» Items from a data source

○ ○ ○ ○

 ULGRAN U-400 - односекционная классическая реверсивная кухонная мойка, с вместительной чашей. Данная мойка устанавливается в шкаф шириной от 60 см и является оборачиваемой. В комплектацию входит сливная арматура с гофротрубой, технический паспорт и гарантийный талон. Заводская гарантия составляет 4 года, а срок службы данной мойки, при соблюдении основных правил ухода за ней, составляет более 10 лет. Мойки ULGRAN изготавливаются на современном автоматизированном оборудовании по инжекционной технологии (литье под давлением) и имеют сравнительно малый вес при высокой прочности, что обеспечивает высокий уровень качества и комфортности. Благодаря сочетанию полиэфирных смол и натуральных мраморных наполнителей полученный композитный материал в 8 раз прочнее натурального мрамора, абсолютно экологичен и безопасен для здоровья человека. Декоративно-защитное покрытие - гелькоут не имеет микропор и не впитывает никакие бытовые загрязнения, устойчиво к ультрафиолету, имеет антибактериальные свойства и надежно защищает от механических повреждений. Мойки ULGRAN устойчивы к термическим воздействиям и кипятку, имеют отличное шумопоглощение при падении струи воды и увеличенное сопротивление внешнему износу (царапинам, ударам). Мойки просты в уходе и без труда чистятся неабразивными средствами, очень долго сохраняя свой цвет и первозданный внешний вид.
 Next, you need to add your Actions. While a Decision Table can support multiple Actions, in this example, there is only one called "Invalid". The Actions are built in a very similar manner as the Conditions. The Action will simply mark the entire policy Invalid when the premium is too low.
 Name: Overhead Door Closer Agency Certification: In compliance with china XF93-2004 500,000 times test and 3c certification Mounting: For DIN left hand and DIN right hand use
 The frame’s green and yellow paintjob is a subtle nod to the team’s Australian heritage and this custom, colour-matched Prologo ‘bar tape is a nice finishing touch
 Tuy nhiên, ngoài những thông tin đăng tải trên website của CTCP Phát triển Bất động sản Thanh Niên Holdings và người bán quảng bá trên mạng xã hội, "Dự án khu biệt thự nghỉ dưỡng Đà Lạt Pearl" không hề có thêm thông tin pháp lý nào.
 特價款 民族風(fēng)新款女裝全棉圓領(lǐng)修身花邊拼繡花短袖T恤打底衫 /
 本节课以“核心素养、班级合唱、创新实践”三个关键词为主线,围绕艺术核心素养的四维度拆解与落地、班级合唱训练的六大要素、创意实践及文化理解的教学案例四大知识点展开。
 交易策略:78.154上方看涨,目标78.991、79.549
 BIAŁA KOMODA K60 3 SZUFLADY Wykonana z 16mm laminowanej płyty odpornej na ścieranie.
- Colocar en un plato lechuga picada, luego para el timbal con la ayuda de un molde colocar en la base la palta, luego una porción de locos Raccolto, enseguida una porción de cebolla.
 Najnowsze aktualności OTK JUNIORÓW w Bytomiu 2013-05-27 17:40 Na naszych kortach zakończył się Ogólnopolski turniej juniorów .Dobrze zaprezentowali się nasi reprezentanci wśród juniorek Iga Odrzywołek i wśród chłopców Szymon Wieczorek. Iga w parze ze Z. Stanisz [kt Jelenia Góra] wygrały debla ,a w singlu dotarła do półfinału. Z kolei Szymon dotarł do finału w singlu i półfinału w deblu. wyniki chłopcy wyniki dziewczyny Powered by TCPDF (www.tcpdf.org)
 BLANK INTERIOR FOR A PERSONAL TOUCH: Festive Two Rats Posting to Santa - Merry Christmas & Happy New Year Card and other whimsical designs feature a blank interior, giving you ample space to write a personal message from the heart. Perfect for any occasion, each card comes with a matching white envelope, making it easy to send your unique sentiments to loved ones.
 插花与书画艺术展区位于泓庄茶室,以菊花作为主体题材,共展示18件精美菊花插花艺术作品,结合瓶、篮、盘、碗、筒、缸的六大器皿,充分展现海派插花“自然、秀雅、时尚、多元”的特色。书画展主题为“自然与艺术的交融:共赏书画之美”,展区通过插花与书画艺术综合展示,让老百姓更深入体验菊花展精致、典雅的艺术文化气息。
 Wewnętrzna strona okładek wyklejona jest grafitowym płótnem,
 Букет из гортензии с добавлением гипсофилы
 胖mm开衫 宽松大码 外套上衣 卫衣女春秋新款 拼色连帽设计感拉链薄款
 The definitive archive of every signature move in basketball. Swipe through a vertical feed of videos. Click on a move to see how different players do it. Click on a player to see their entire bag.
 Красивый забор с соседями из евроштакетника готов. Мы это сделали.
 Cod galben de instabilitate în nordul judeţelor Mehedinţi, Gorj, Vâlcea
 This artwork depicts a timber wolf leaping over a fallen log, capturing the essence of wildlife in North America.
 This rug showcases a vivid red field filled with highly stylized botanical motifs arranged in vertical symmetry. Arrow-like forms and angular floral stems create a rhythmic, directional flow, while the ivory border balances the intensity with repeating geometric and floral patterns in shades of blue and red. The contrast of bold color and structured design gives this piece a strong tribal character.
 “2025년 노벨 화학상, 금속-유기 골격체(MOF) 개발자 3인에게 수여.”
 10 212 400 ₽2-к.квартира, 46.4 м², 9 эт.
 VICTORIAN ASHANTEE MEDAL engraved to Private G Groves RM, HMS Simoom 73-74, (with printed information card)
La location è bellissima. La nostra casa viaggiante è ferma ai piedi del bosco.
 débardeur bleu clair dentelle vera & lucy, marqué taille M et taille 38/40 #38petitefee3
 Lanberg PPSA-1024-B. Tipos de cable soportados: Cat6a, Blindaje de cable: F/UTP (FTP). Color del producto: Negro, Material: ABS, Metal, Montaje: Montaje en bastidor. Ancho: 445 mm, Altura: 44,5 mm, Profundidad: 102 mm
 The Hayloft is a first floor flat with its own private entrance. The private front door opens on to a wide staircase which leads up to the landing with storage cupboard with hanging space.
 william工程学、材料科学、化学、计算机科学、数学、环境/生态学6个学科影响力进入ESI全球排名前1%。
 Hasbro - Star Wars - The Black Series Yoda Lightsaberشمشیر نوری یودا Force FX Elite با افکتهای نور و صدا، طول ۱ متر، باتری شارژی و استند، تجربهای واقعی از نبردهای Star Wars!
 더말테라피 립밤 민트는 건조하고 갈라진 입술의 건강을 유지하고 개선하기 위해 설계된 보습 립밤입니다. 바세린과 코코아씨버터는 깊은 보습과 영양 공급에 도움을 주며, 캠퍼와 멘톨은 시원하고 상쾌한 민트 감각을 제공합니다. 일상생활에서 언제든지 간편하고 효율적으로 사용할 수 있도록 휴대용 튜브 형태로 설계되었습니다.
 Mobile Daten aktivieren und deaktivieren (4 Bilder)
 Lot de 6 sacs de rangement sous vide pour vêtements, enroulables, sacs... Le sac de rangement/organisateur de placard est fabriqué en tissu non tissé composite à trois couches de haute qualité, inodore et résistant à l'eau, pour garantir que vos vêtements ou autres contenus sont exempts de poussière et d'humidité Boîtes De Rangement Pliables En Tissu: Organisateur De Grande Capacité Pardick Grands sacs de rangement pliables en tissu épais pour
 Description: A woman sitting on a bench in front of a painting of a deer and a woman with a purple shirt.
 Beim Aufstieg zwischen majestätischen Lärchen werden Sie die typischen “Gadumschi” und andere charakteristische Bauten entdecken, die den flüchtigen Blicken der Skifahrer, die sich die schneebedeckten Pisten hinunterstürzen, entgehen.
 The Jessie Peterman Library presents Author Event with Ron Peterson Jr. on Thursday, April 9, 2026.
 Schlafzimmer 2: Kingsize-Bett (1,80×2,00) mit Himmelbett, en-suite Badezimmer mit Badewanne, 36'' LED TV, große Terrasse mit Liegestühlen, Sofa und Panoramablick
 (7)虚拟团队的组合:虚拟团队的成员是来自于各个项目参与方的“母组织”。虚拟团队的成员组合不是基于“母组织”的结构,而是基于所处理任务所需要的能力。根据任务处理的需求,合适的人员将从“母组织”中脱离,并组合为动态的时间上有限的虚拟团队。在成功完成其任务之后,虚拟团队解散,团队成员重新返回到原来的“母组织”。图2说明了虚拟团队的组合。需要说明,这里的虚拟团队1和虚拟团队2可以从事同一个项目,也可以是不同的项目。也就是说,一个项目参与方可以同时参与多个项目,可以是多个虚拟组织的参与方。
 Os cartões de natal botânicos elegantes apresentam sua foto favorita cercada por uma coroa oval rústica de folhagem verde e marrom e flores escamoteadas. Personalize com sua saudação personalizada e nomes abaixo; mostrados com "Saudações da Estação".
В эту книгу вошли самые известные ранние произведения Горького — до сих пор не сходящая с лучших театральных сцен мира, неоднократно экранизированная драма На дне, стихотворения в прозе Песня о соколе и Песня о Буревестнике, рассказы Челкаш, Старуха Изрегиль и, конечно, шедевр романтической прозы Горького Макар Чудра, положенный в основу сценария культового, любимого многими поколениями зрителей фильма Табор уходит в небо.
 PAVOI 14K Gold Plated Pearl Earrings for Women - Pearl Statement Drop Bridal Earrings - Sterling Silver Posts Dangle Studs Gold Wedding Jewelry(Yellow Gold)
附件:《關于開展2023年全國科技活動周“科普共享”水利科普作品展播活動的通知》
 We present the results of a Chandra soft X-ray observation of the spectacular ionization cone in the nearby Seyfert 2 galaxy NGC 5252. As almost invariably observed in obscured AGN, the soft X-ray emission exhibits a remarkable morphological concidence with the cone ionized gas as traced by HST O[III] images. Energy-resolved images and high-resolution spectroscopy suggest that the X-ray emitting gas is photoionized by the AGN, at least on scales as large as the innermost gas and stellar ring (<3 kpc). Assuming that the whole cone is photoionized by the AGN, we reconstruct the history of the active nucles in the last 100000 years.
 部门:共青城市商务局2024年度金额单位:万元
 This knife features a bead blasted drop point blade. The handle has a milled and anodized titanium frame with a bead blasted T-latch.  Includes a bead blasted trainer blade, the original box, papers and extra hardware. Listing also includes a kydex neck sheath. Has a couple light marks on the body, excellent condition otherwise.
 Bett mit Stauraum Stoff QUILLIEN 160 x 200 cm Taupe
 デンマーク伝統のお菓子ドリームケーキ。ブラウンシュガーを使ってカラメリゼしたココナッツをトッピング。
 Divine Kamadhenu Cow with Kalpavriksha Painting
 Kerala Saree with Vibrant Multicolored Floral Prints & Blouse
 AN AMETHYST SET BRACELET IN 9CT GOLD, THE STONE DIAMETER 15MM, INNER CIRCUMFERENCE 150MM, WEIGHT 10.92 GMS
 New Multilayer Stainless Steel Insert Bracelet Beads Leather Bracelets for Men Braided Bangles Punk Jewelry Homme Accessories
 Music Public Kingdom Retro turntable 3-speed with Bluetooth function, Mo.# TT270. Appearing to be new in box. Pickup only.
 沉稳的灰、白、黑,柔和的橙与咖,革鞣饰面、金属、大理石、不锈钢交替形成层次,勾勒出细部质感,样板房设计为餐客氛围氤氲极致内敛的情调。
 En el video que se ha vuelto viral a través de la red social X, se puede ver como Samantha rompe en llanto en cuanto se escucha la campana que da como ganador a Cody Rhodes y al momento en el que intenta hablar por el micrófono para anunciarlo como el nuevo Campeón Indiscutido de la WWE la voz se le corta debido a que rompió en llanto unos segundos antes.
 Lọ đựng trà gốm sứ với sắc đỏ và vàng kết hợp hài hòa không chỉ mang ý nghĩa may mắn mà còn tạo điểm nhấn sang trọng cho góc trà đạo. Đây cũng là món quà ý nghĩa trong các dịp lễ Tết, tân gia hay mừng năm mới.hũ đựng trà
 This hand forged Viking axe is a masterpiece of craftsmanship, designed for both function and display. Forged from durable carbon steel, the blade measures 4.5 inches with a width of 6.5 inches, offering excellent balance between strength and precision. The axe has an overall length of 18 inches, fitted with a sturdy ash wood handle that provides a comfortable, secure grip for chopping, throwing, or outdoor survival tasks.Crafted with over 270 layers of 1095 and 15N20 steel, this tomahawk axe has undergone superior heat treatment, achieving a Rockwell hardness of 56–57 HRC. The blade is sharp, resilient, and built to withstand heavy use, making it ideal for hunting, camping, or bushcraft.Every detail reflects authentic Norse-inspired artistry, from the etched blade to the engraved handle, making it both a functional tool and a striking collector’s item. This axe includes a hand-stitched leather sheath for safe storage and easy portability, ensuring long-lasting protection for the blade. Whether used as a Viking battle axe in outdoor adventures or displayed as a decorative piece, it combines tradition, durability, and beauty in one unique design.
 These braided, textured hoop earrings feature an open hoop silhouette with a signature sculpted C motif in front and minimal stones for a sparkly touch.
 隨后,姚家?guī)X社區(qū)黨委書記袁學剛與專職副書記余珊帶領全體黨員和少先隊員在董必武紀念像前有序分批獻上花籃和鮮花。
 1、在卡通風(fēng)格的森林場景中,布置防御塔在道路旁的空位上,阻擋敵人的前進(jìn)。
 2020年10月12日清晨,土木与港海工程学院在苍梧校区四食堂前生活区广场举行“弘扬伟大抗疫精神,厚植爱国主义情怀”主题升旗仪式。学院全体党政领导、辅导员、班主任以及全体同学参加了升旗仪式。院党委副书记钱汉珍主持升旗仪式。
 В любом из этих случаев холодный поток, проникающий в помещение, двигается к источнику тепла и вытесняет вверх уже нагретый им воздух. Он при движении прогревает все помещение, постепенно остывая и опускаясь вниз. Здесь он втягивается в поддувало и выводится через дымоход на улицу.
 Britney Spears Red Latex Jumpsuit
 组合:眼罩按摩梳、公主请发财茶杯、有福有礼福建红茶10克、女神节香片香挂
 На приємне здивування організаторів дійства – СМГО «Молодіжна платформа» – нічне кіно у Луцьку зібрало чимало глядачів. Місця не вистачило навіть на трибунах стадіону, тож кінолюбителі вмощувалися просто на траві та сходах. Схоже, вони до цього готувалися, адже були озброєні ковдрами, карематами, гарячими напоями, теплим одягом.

○ ○ ○ ○

» Work to complete
All that is wanted is the stretch of lines above from the one containing "2020年10月12日清晨,土木与港海工" through the one containing "В любом из этих", duplicated exactly.

» Answer
 2020年10月12日清晨,土木与港海工程学院在苍梧校区四食堂前生活区广场举行“弘扬伟大抗疫精神,厚植爱国主义情怀”主题升旗仪式。学院全体党政领导、辅导员、班主任以及全体同学参加了升旗仪式。院党委副书记钱汉珍主持升旗仪式。
 В любом из этих случаев холодный поток, проникающий в помещение, двигается к источнику тепла и вытесняет вверх уже нагретый им воздух. Он при движении прогревает все помещение, постепенно остывая и опускаясь вниз. Здесь он втягивается в поддувало и выводится через дымоход на улицу.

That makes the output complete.